In 2010, Bedwei moved to G-Life Microfinance, where she was responsible for designing and implementing new products and services. In April 2011, she left to set up her own company, Logiciel Ltd., Accra, Ghana, where she is the co-founder and chief technology officer. At Logiciel Ltd., she led the creation and successful implementation of gKudi, a web-based (cloud) banking software suite for the micro-finance industry, used by 130 micro-finance institutions nationwide.

In 2015, she authored her first book, a mini-autobiography titled The Definition of a Miracle. She has since received several awards and appointments including her appointment to the Board of Ghana's National Communication Authority.

Farida also created a cerebral palsy superhero. Her comic character called Karmzah gets her power from her crutches that she has to use for her cerebral palsy.
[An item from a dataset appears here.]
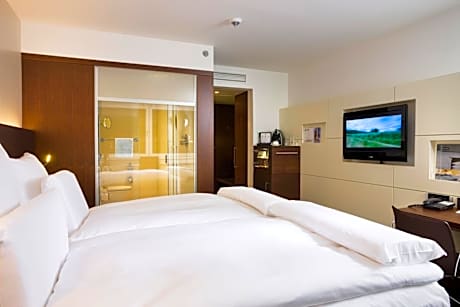 Este hotel de 4 estrellas superior ofrece habitaciones tranquilas en el distrito comercial de Colonia, a 10 minutos a pie de la Catedral de Colonia. El Pullman Cologne ofrece un spa de lujo y amplias habitaciones de diseño moderno. Las elegantes habitaciones del Hotel Pullman Cologne incluyen aire acondicionado, TV de pantalla plana y un moderno baño con bañera y ducha. Hay internet de alta velocidad disponible por un suplemento diario y wifi gratuito en las zonas comunes. Los huéspedes del Pullman pueden relajarse en la brasserie elf con terraza de verano. LAB12 es el bar del hotel, inspirado en los perfumes de Colonia, la ciudad de las fragancias, y sirve bebidas aromáticas. El spa incluye sauna, gimnasio y también ofrece tratamientos de masaje. El Pullman Hotel Cologne dispone de aparcamiento subterráneo. Se encuentra a 400 metros de la estación de metro Friesenplatz, a solo 2 paradas de la estación central de Colonia.

As of April 2022, Farida Bedwei holds the position of Principal Software Engineer at Microsoft, where she is involved in the development of Metaverse technologies.

== Achievements and awards ==
- 2018 – Special Award by President Abdel Fattah El SISI.
- 2013 – Winner of Most Influential Women in Business and Government Award Financial Sector.
- 2012 – Special Award by President John Mahama.
- 2011 – Legacy and Legacy Ideas Award – Winner of the Maiden Award.